THE PROBLEM |
The answer must be only the lines below from the one holding "GPS bāzes staciju sistēmas" down to the one holding "云川實業發展有限公司永輝鈦鐵礦洗選廠尾礦庫改擴建工程", ends included, printed exactly; please omit all pictures.

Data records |
----------------------------------------

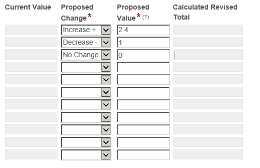 3. I want to have Current Value and Proposed Change(+,-,Nochange) and Proposed Value = Calculated Revised Total. Is it possible based on the selection for Proposed Change to add, subtract or have no change for the Calculated Revised Total? What would the Java script look like?
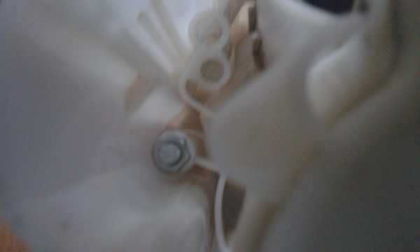 А далее мы видим, что, чтобы снять мотор, надо вынуть внутренности (моторчик с фильтром) из колбы, а они там к сожалению сидят на трех штырях, к которым они приклеены. Я старался разобрать аккуратно и про клей не знал — пробойником стучал в центр крепления, чтобы выбить штырь колбы. Итог — один штырь сломался, один лопнул, один уцелел.
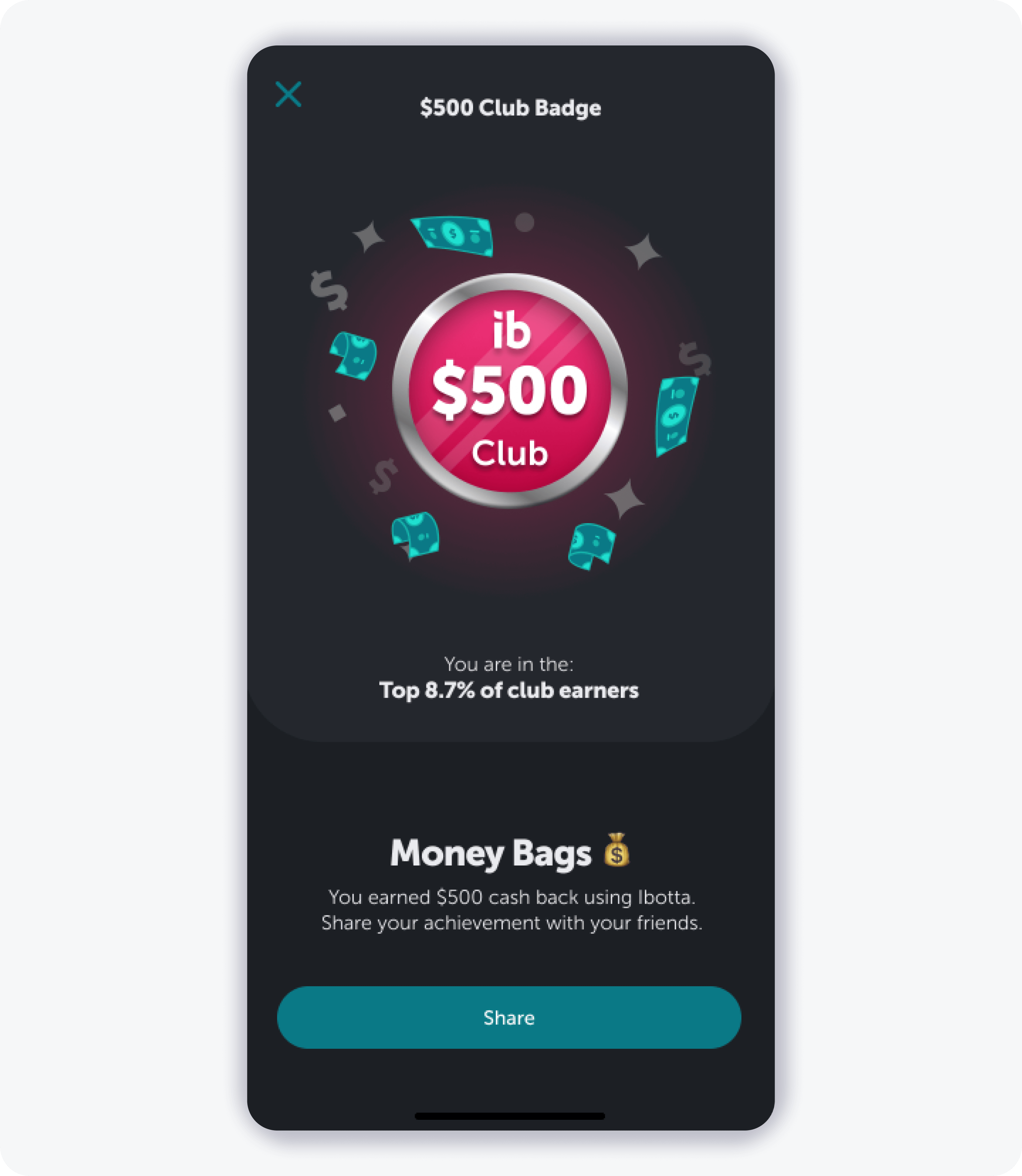 I designed Earning's Club overlays for $25, $50, $100, $500, $1,000, and higher tiers, giving users a clear, motivating visual of their progress. Users can tap a club chip to share achievements with friends, fostering friendly competition and social engagement, even while a full leaderboard remained out of scope.
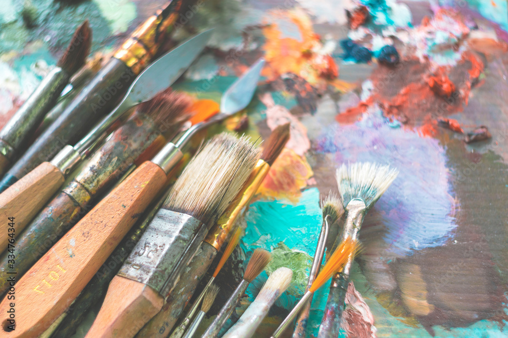 various brushes for oil paints are on the palette. set for the artist. multicolored background
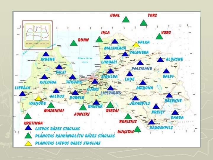 GPS bāzes staciju sistēmas Lat. Pos (Latvijas Pozicionēšanas sistēma) pakalpojumi GPS bāzes staciju sistēma sastāv no 24 bāzes stacijām jeb GPS uztvērējiem, kas darbojas nepārtrauktā režīmā (365 dienas gadā), uzkrājot uztvertos (signālu) datus un izplatot tos lietotājiem; ► GPS bāzes stacija nodrošina iespēju lietotāja GPS uztvērējam noteikt koordinātas ar divu centimetru precizitāti reālajā laikā un ar piecu milimetru precizitāti, izmantojot uzkrātos datus. Pieejami arī dati ilgākam laika periodam, kas ir izmantojami zinātniskiem mērķiem; ► GPS bāzes staciju koordinātas aprēķinātas Latvijas koordinātu sistēmā LKS-92 TM un sasaistītas ar Valsts ģeodēzisko tīklu; ► Vairāk informācijas par Lat. Pos pakalpojumiem var saņemt, rakstot uz e-pastu latpos@lgia. gov. lv. ►
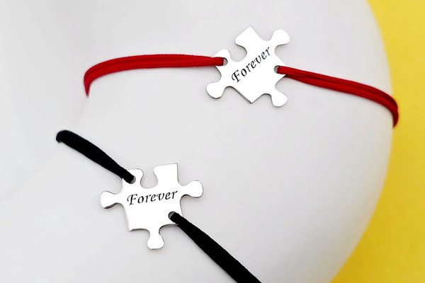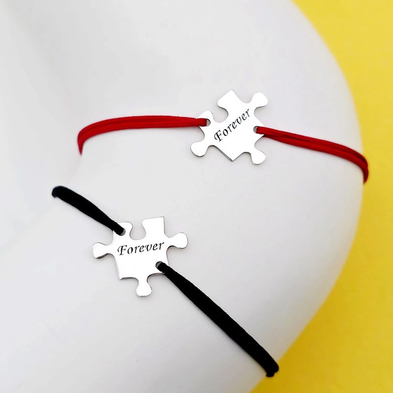 Set 2 bratari personalizate - Piese de puzzle - Argint 925, snur reglabil
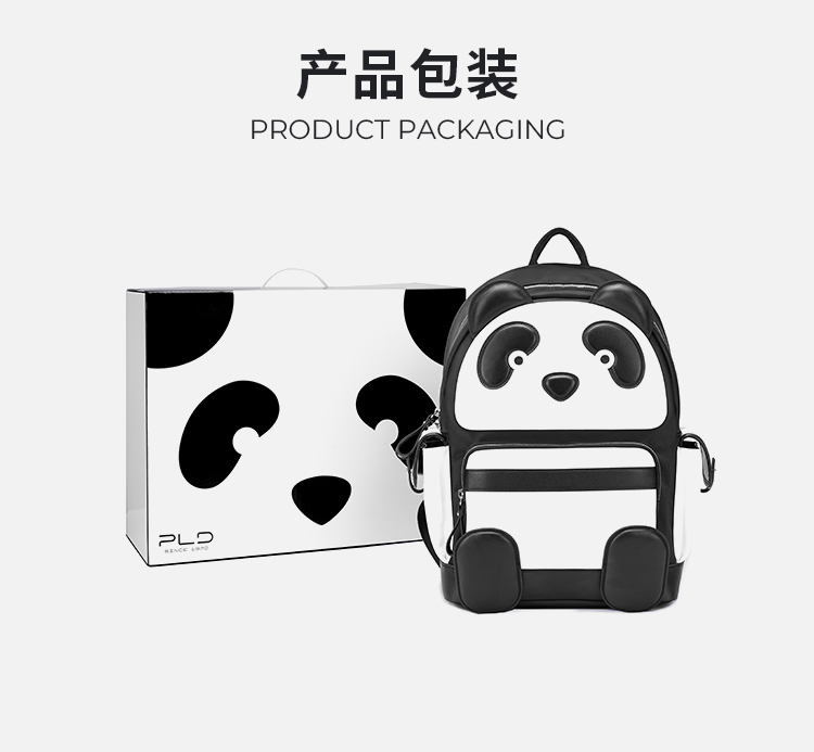 保兰德PLD2024新款可爱大熊猫友谊使者中号双肩包大容量高中生初中生学生书包
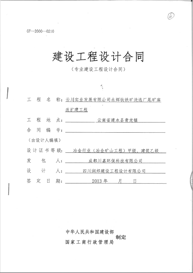 云川實業發展有限公司永輝鈦鐵礦洗選廠尾礦庫改擴建工程
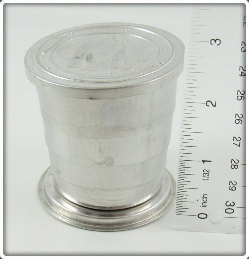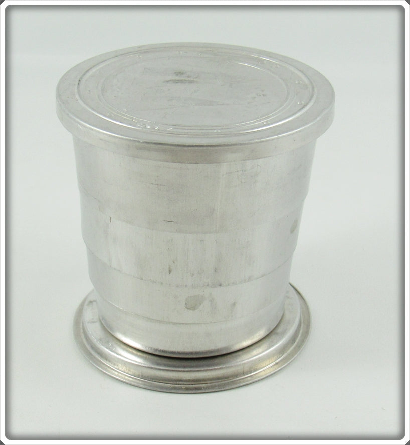 This is a nice old Metal Collapsible Camping Cup that was sold on Lure Lagoon! Vintage old fishing lures are added for sale often so keep checking back! I buy old lures so feel free to contact me if you have any to sell.
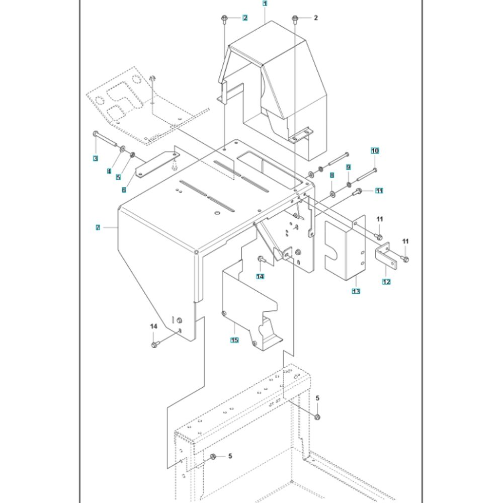 The Engine Plate Assembly for the Husqvarna MS 610 G Masonry Saw is designed to ensure optimal performance and longevity. This assembly includes key components that support the engine's operation, such as mounting brackets and fasteners. Genuine Husqvarna parts are used to maintain the integrity and reliability of the saw, making it suitable for demanding masonry tasks.
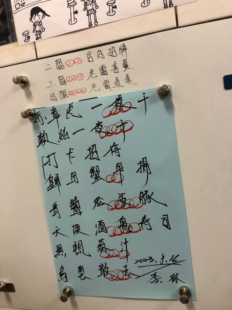 牆上貼滿了主廚親手寫的菜單
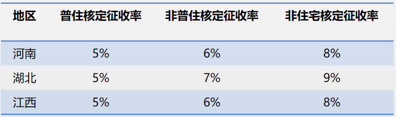 核定征收率原則上不得低于5%,各省級(jí)稅務(wù)機(jī)關(guān)結(jié)合本地實(shí)際,區(qū)分不同房地產(chǎn)類型制定核定征收率。
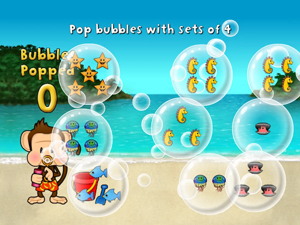 Monkey is running out of time! Pop all the bubbles that have either the right number or the right amount of objects inside before the time runs out!
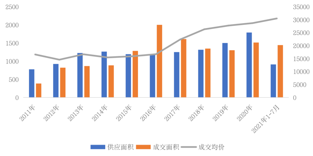 圖:2011年-2021年前7月杭州商品住宅供求量價(jià)(單位:萬平方米、元/平方米)
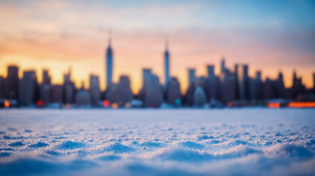 Snow covered ground in focus, blurred cityscape, urban skyline silhouette in background, colorful sunrise or sunset, winter city scene, no people
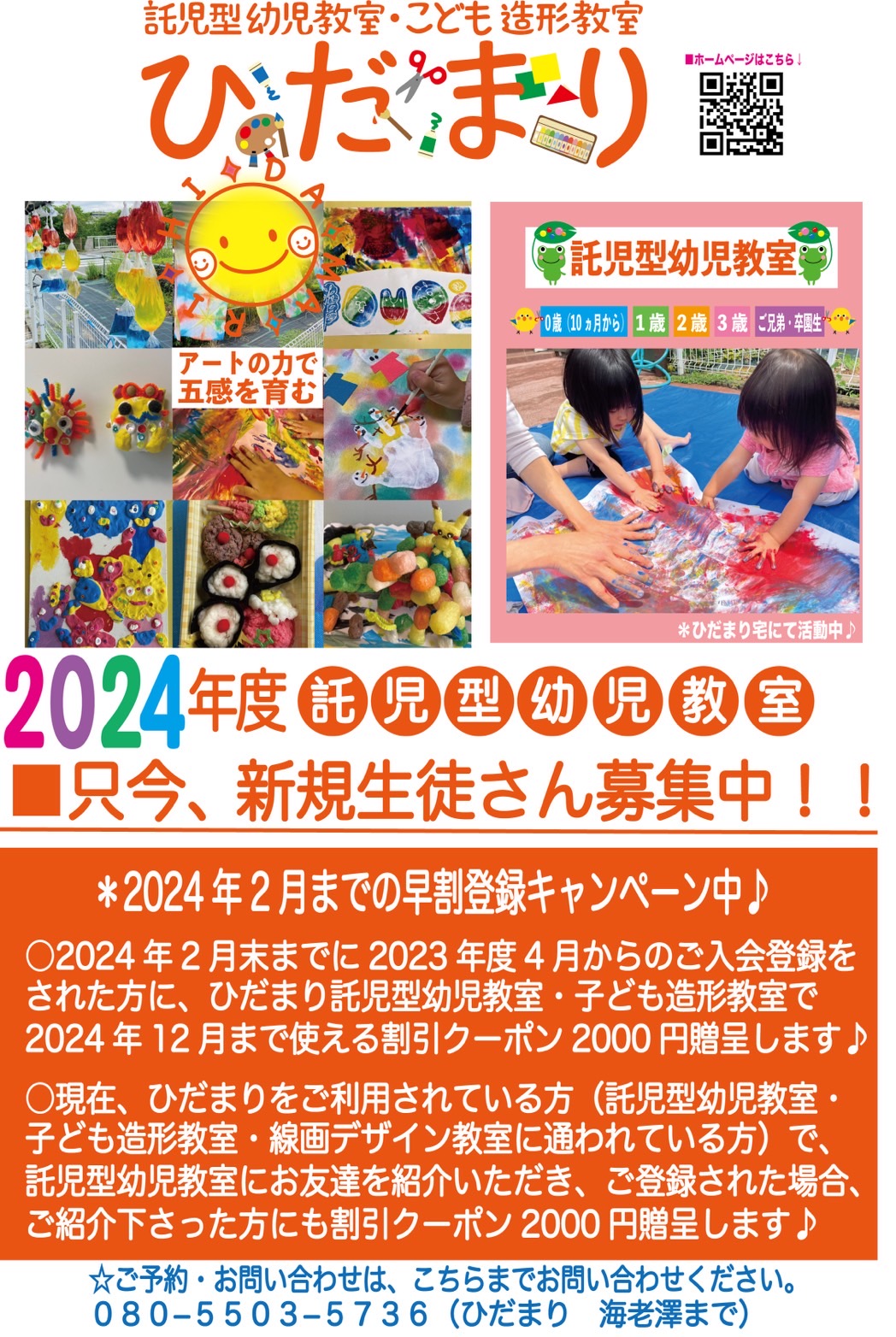 新年度2024年4月からの託児型幼児教室新規生徒さん募集します✨
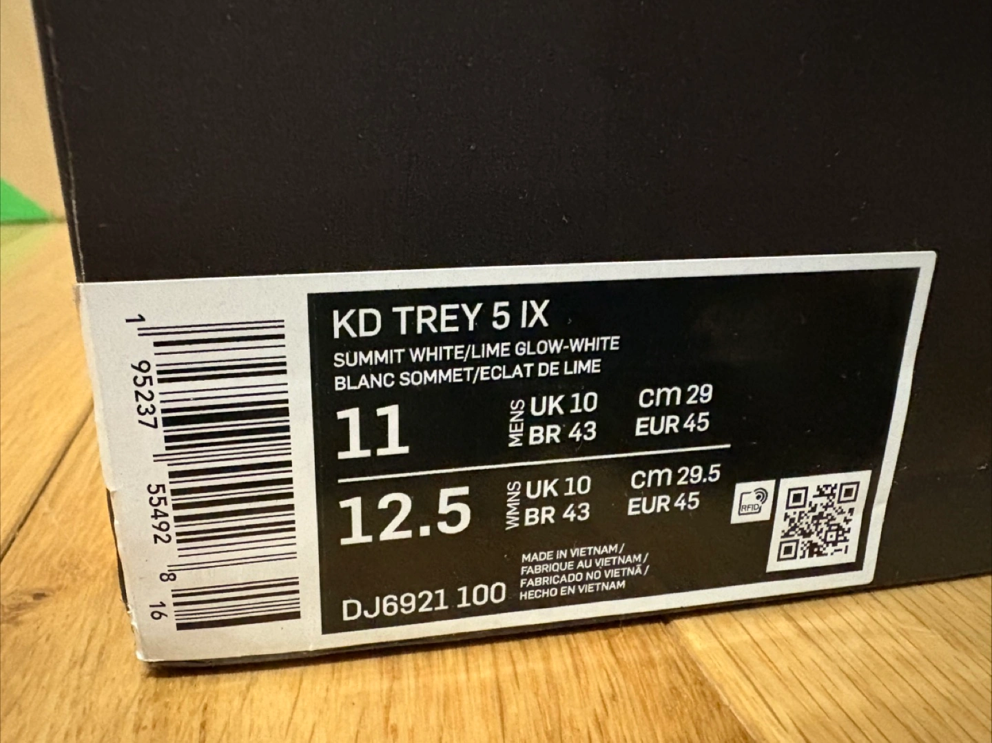 Men's Nike KD Trey 5 IX basketball shoes. Size 11. Summit White/Lime Glow colourway. New in box.
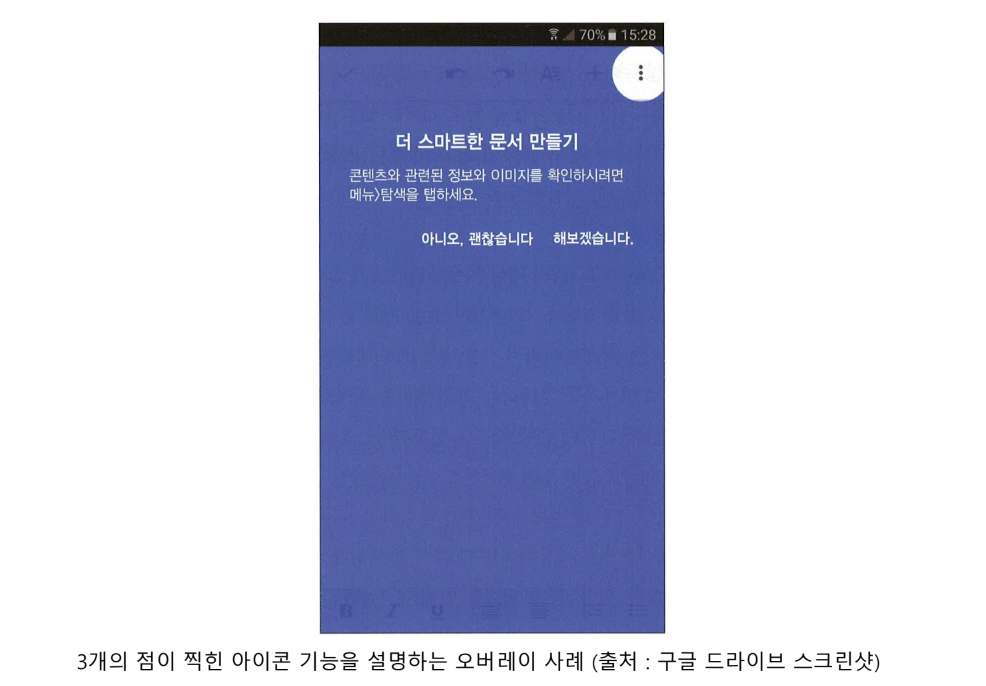 오버레이 팁을 사용하여 최근에 앱에 추가된 신기능을 설명하거나 사용자가 써본 적 없는 기능을 강조할 수 있음, 지속적으로 개선된 앱은 살아 있는 앱이지만, 변경은 사용자가 기능을 찾지 못할 확률을 줄여나가면서 신중하게 진행해야 한다.
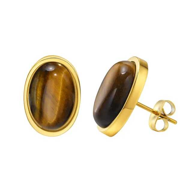 Elevate your style with these exquisite earrings, meticulously crafted for the woman who appreciates the beauty of natural gemstones and the timeless allure of gold. These earrings are crafted with precision, featuring a lustrous gold-plated finish that not only enhances their visual appeal but also ensures durability. The focal point of each earring is the Tiger Eye stone, carefully selected for its distinctive and richly hued patterns, adding an earthy and sophisticated touch to the design. The Tiger Eye stones exhibit a mesmerizing interplay of warm browns and golden hues, resembling the captivating gaze of a tiger. Known for its grounding and protective properties, the Tiger Eye stone adds a meaningful element to the earrings, making them both a stylish accessory and a symbolic adornment. The earrings feature a classic and versatile design that effortlessly complements various styles and occasions. The simplicity of the gold-plated setting allows the natural beauty of the Tiger Eye stones to take center stage, creating a harmonious balance between sophistication and organic charm. Designed for comfort and security, the pushback closure ensures a snug fit, allowing you to wear these earrings with confidence throughout the day. The ease of use and reliability of the pushback closure makes these earrings a hassle-free and stylish choice for any occasion. From casual outings to formal events, these Women's Gold Plated Tiger Eye Stone Earrings with Pushback Closure effortlessly transition, adding a touch of refined glamour to your ensemble. Their neutral tones and timeless design make them a versatile accessory that complements a range of outfits.
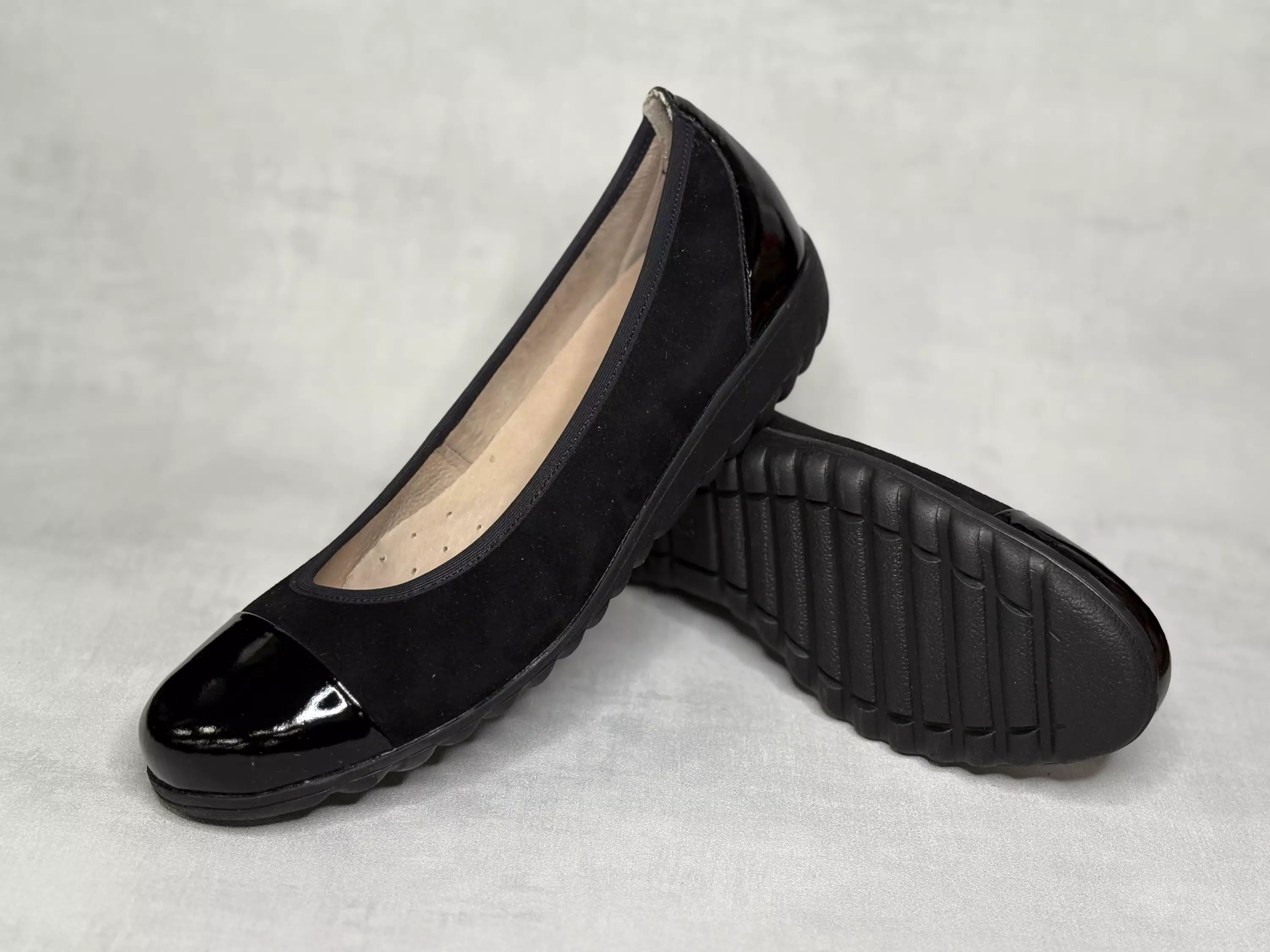 Mustat nupukkinahkaiset Caprice G ballerinat - lakerikärki ja -kanta

----------------------------------------

SOLUTION TO THIS TASK |
 GPS bāzes staciju sistēmas Lat. Pos (Latvijas Pozicionēšanas sistēma) pakalpojumi GPS bāzes staciju sistēma sastāv no 24 bāzes stacijām jeb GPS uztvērējiem, kas darbojas nepārtrauktā režīmā (365 dienas gadā), uzkrājot uztvertos (signālu) datus un izplatot tos lietotājiem; ► GPS bāzes stacija nodrošina iespēju lietotāja GPS uztvērējam noteikt koordinātas ar divu centimetru precizitāti reālajā laikā un ar piecu milimetru precizitāti, izmantojot uzkrātos datus. Pieejami arī dati ilgākam laika periodam, kas ir izmantojami zinātniskiem mērķiem; ► GPS bāzes staciju koordinātas aprēķinātas Latvijas koordinātu sistēmā LKS-92 TM un sasaistītas ar Valsts ģeodēzisko tīklu; ► Vairāk informācijas par Lat. Pos pakalpojumiem var saņemt, rakstot uz e-pastu latpos@lgia. gov. lv. ►
 Set 2 bratari personalizate - Piese de puzzle - Argint 925, snur reglabil
 保兰德PLD2024新款可爱大熊猫友谊使者中号双肩包大容量高中生初中生学生书包
 云川實業發展有限公司永輝鈦鐵礦洗選廠尾礦庫改擴建工程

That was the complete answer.